Last modified 10 years ago

#9302 closed Bug report (wontfix)

Filezilla damages the binary file it transfers when the file has no extension

Reported by: yurivict Owned by:
Priority: low Component: FileZilla Client
Keywords: Cc:
Component version: Operating system type: BSD
Operating system version:

Description

I am trying to transfer the binary file from the remote server to my local directory by dragging and dropping it.

The original file has size 1,855,488 bytes, the resulting file has size 1,855,392, as also reported by filezilla itself.

The file is the binary SQLite database.

The transfer log:
Status: Starting download of /public_html/xxx/includes/xxx
Command: PASV
Response: 227 Entering Passive Mode (198,46,81,146,124,133)
Command: RETR webcal
Response: 150-Accepted data connection
Response: 150 1812.0 kbytes to download
Response: 226-File successfully transferred
Response: 226 2.623 seconds (measured here), 0.68 Mbytes per second
Status: File transfer successful, transferred 1,858,120 bytes in 3 seconds
Status: Disconnected from server

File is always transferred with the same discrepancy (subsequent attempts produce the same wrong version).
The file in question didn't have any extension (no periods in its name). There is 'Default transfer type' option in 'Settings' which was set to 'Auto'. When I selected 'Binary' there, the discrepancy disappeared.

Another, smaller, SQLite database (290,816 bytes) was transferred correctly. It had a period in its name, but no recognizable extension.

So I believe that filezilla wrongfully defaults the type of file without extension to 'Ascii'.
When the type of file isn't known, and 'Auto' is selected, it should default to 'Binary'.

version 3.6.0.2

Change History (5)

comment:1 by yurivict, 10 years ago

On the second thought:

Filezilla doesn't need to even guess the file type. No need to ever use 'Ascii' type (as FTP supports). There is no benefit to client in doing 'Ascii'. Just do 'Binary' on all files, remove this option 'Default transfer type' in 'Settings' screen.

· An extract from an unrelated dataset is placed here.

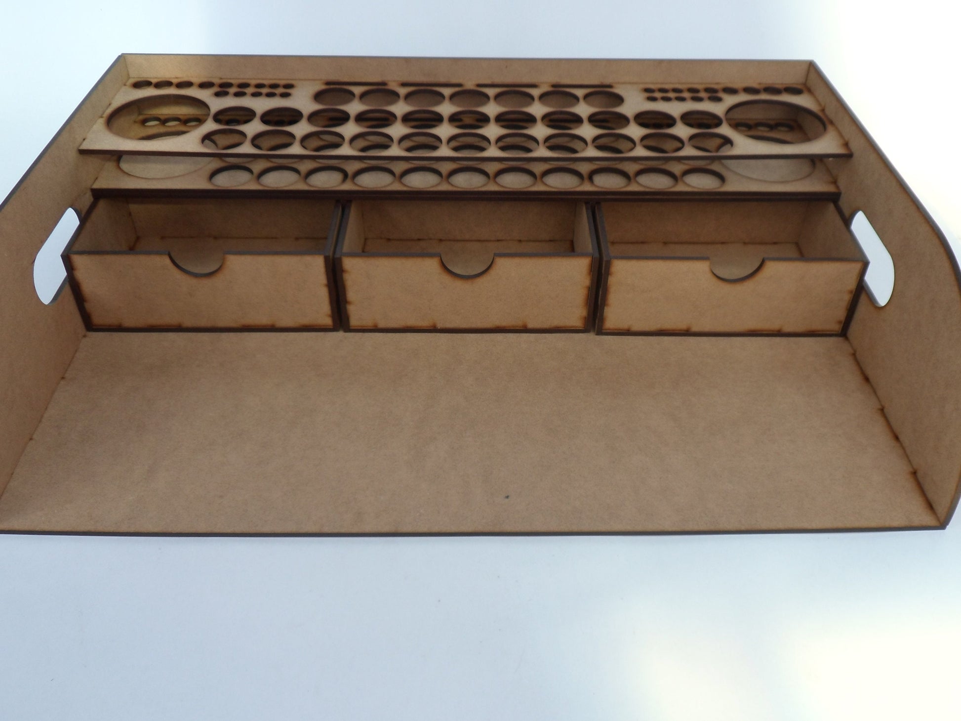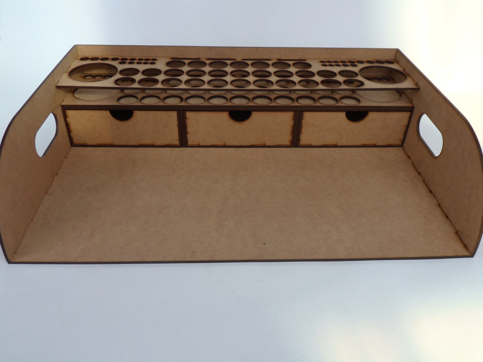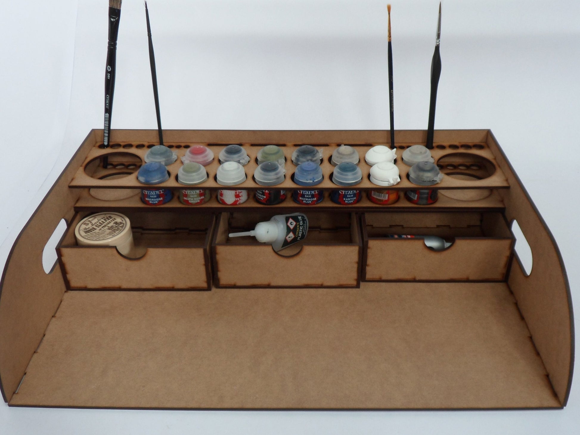 The workstation has room for 2 water pots, various sized paint brushes/ tools and also has 3 good sized drawers, to hold paint, glue or even models. and can hold 16 Citadel paints.

It will be simpler, and no loss of functionality.

FTP had this Ascii option added in ancient times, they thought it will be useful, but it turned out to be redundant. Verbatim transfer is sufficient in all practical cases.

comment:2 by Tim Kosse, 10 years ago

Resolution: wontfix
Status: newclosed

As long as notepad.exe, Windows' default text editor, cannot handle Unix-style line endings, this won't be changed.

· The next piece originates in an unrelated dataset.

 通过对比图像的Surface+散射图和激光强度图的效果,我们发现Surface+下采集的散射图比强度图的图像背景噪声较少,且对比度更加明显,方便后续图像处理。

comment:3 by Tim Kosse, 10 years ago

Priority: criticallow

Changed to low priority as Critical is reserved for critical bugs. This bug is not critical as it cannot be exploited and can furthermore be worked around.

comment:4 by yurivict, 10 years ago

Why UNIX users should suffer from this?
Why the default is set to text?

comment:5 by Tim Kosse, 10 years ago

I'm using Unix-style systems, and all the extensionless file I ever transfer are text files.

Knowing that my use case is not the only one, I've added an option to make it configurable how extensionless files are being treated.